*Your goal:* Copy each line below exactly and leave the pictures out.

*Recorded information:*
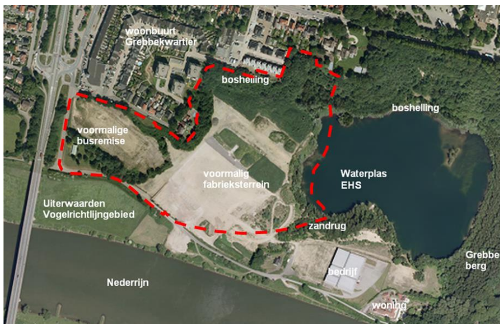
Ligging van het plangebied in omgeving met globale aanduiding plangebied

Het plangebied omvat het gehele plangebied van de nieuwe wijk Vogelenzang. Hieronder is een kaart opgenomen van dit gebied.
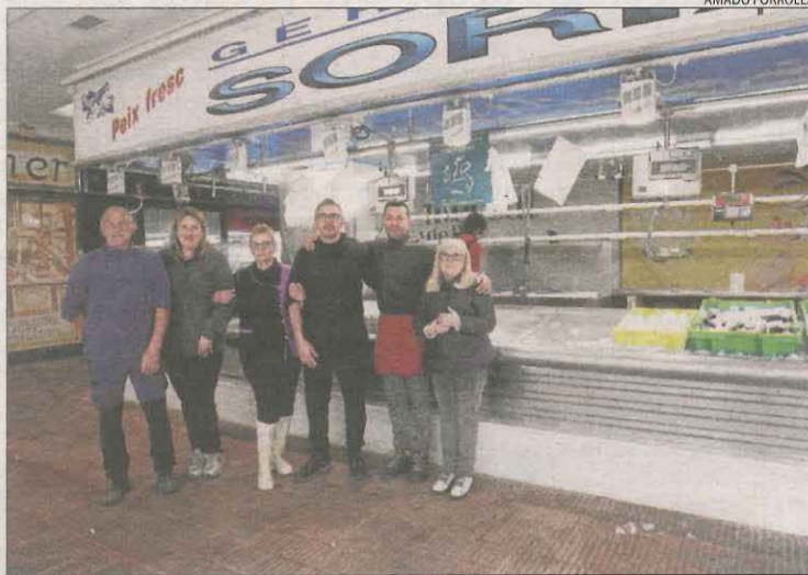
La majoria dels pocs paradistes del mercat de Fleming, ahir.

Van afegir que no poden tornar a licitar la concessió de les parades si el mercat no s'adapta a la normativa vigent i que es mantenia a precari aquests paradistes perquè la rehabilitació de l'edifici a través d'una concessió encara era possible fins que es va rebutjar en el ple. Arran d'això, van afirmar que

*Reply:*
Ligging van het plangebied in omgeving met globale aanduiding plangebied

Het plangebied omvat het gehele plangebied van de nieuwe wijk Vogelenzang. Hieronder is een kaart opgenomen van dit gebied.
La majoria dels pocs paradistes del mercat de Fleming, ahir.

Van afegir que no poden tornar a licitar la concessió de les parades si el mercat no s'adapta a la normativa vigent i que es mantenia a precari aquests paradistes perquè la rehabilitació de l'edifici a través d'una concessió encara era possible fins que es va rebutjar en el ple. Arran d'això, van afirmar que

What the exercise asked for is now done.